Information provided:
■ ■ ■ ■

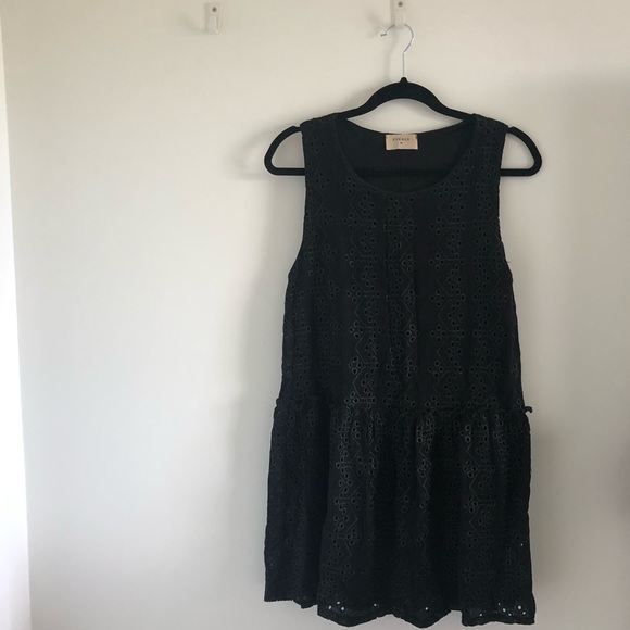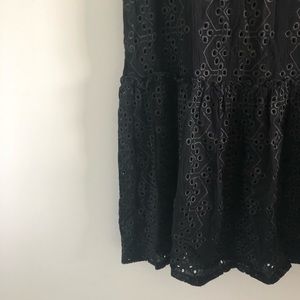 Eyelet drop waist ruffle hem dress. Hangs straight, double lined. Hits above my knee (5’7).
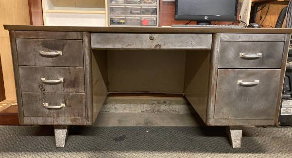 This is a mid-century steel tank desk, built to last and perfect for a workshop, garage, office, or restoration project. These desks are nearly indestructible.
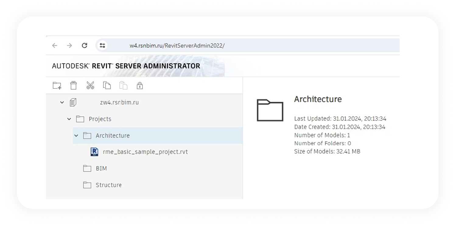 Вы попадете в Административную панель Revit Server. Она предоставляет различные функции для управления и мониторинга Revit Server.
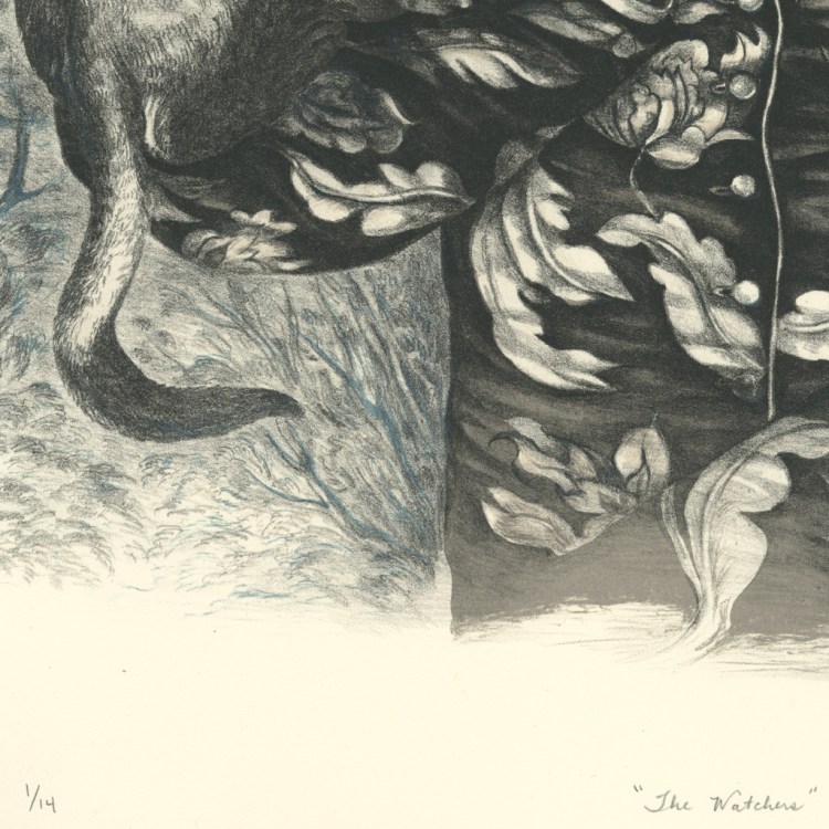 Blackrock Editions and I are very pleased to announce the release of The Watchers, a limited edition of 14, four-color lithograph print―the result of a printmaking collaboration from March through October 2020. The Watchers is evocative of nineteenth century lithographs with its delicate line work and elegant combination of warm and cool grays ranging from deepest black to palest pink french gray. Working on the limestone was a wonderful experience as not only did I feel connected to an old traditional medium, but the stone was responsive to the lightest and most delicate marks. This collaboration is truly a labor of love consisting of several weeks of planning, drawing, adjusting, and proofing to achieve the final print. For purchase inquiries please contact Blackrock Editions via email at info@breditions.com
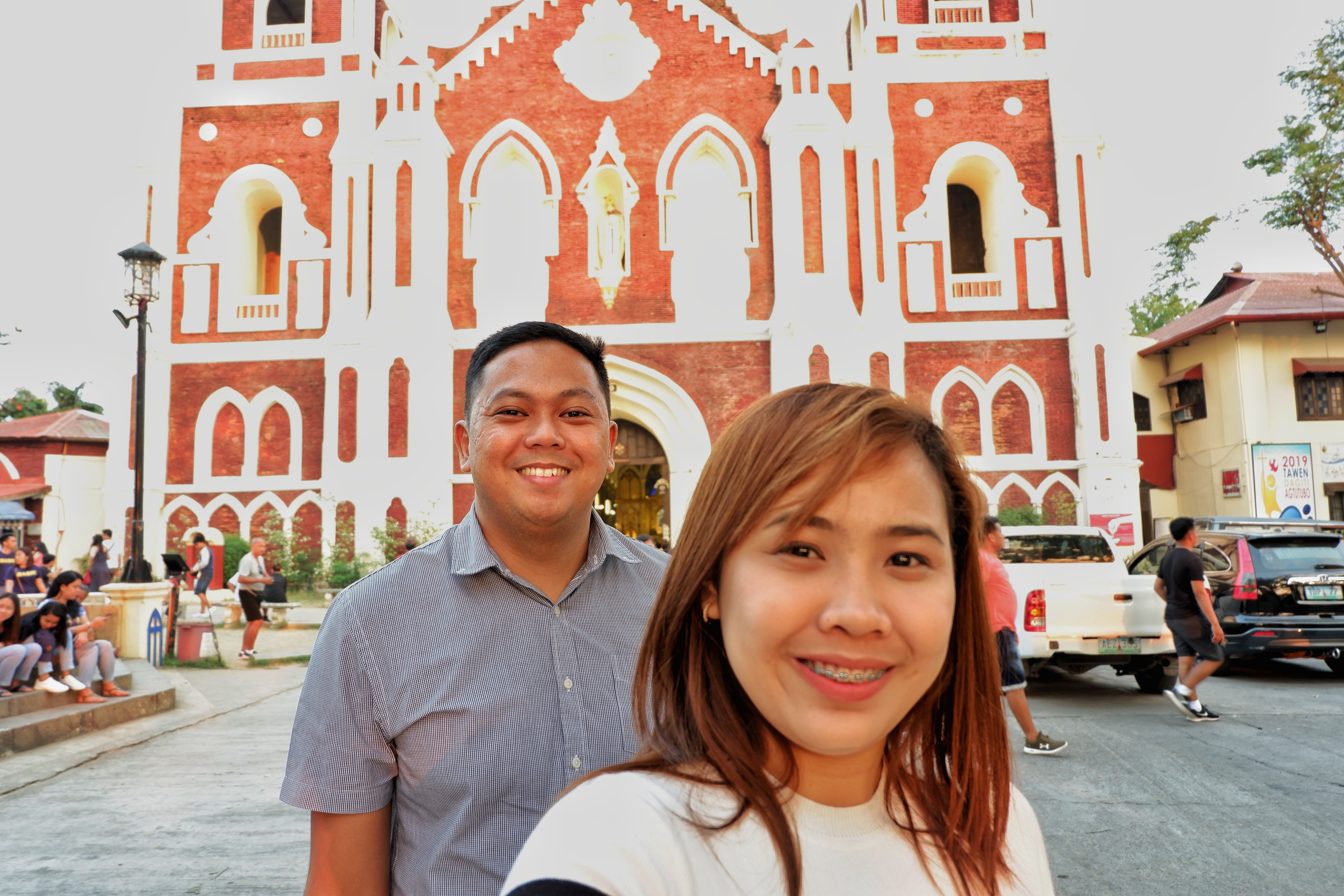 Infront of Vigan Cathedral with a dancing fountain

■ ■ ■ ■

Activity:
Give back the material above exactly as it appears, minus any picture.

Response below:
 Eyelet drop waist ruffle hem dress. Hangs straight, double lined. Hits above my knee (5’7).
 This is a mid-century steel tank desk, built to last and perfect for a workshop, garage, office, or restoration project. These desks are nearly indestructible.
 Вы попадете в Административную панель Revit Server. Она предоставляет различные функции для управления и мониторинга Revit Server.
 Blackrock Editions and I are very pleased to announce the release of The Watchers, a limited edition of 14, four-color lithograph print―the result of a printmaking collaboration from March through October 2020. The Watchers is evocative of nineteenth century lithographs with its delicate line work and elegant combination of warm and cool grays ranging from deepest black to palest pink french gray. Working on the limestone was a wonderful experience as not only did I feel connected to an old traditional medium, but the stone was responsive to the lightest and most delicate marks. This collaboration is truly a labor of love consisting of several weeks of planning, drawing, adjusting, and proofing to achieve the final print. For purchase inquiries please contact Blackrock Editions via email at info@breditions.com
 Infront of Vigan Cathedral with a dancing fountain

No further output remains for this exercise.